Norwood v. Harrison
Headline: Ruling blocks Mississippi’s long-standing program from lending free state textbooks to students at racially segregated private schools, requiring school-by-school checks and ending blanket state support for segregation.
Holding: The Court ruled that a state may not lend free textbooks to students attending racially discriminatory private schools because such aid materially supports segregation, and it vacated the judgment and remanded for school-by-school determinations.
- Stops blanket textbook loans to racially segregated private schools.
- Requires school-by-school certification before state textbooks are sent.

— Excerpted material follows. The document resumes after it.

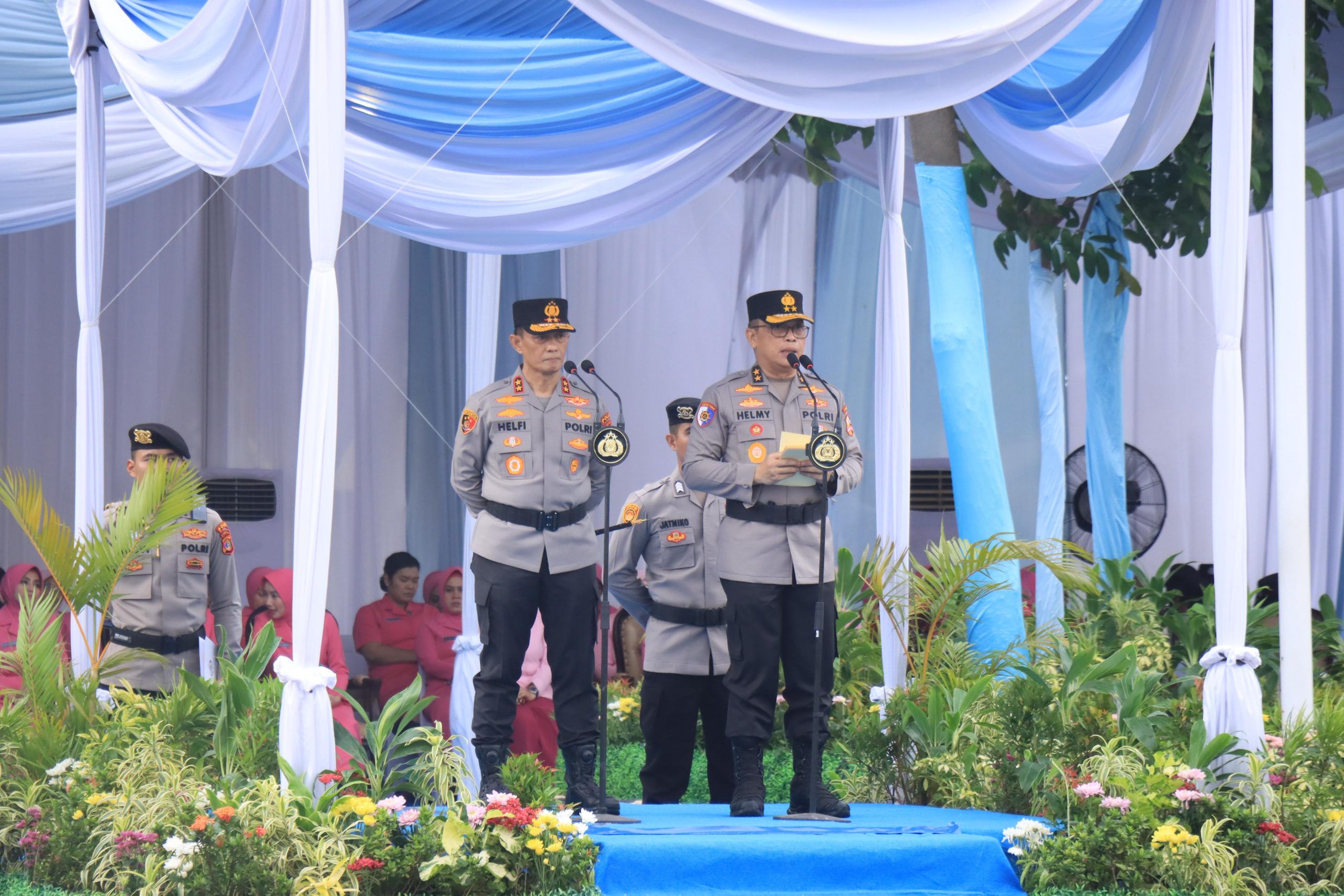 “kami menyampaikan selamat datang dan sambutan hangat yang penuh hormat kepada Bapak Irjen Pol Helfi Assegaf sebagai Kapolda Lampung yang baru. Tradisi penyambutan yang khidmat dan sakral ini merupakan wujud komitmen serta kesiapan seluruh personel Polda Lampung untuk mendukung penuh kepemimpinan Bapak Kapolda yang baru,”

- Allows denial of state books to schools proven to discriminate.
Summary
Background
A group of parents from Tunica County sued to stop Mississippi’s program that buys and lends free textbooks to all schoolchildren, public and private. The parents said many private schools had opened as all-white academies during public school desegregation and that textbook loans were helping racially discriminatory schools. The program began in 1940 and, by 1970, many private nonreligious schools held state books and received substantial state purchases and shipments.
Reasoning
The Court addressed whether lending free textbooks counts as the State giving tangible support to private schools that exclude students by race. The Justices said textbooks are basic, tangible educational aid similar to tuition grants and that the Constitution bars a State from materially supporting institutions that practice racial discrimination. Good intentions or lack of precise proof that books alone keep students in private schools do not excuse state aid that significantly facilitates segregation. The Court distinguished earlier cases that permitted some aid to religious schools and said those decisions do not allow support that helps racially discriminatory private schools.
Real world impact
The Court vacated the District Court’s judgment and sent the case back for further proceedings. It required individualized, school-by-school review and a certification process before any private school can receive state textbooks. That means Mississippi must stop blanket distribution and may deny state books to private schools shown to practice racial discrimination; individual determinations will govern each school’s eligibility.
Dissents or concurrances
Two Justices (Douglas and Brennan) agreed with the result of vacating and remanding. Their separate views do not change the core holding described above.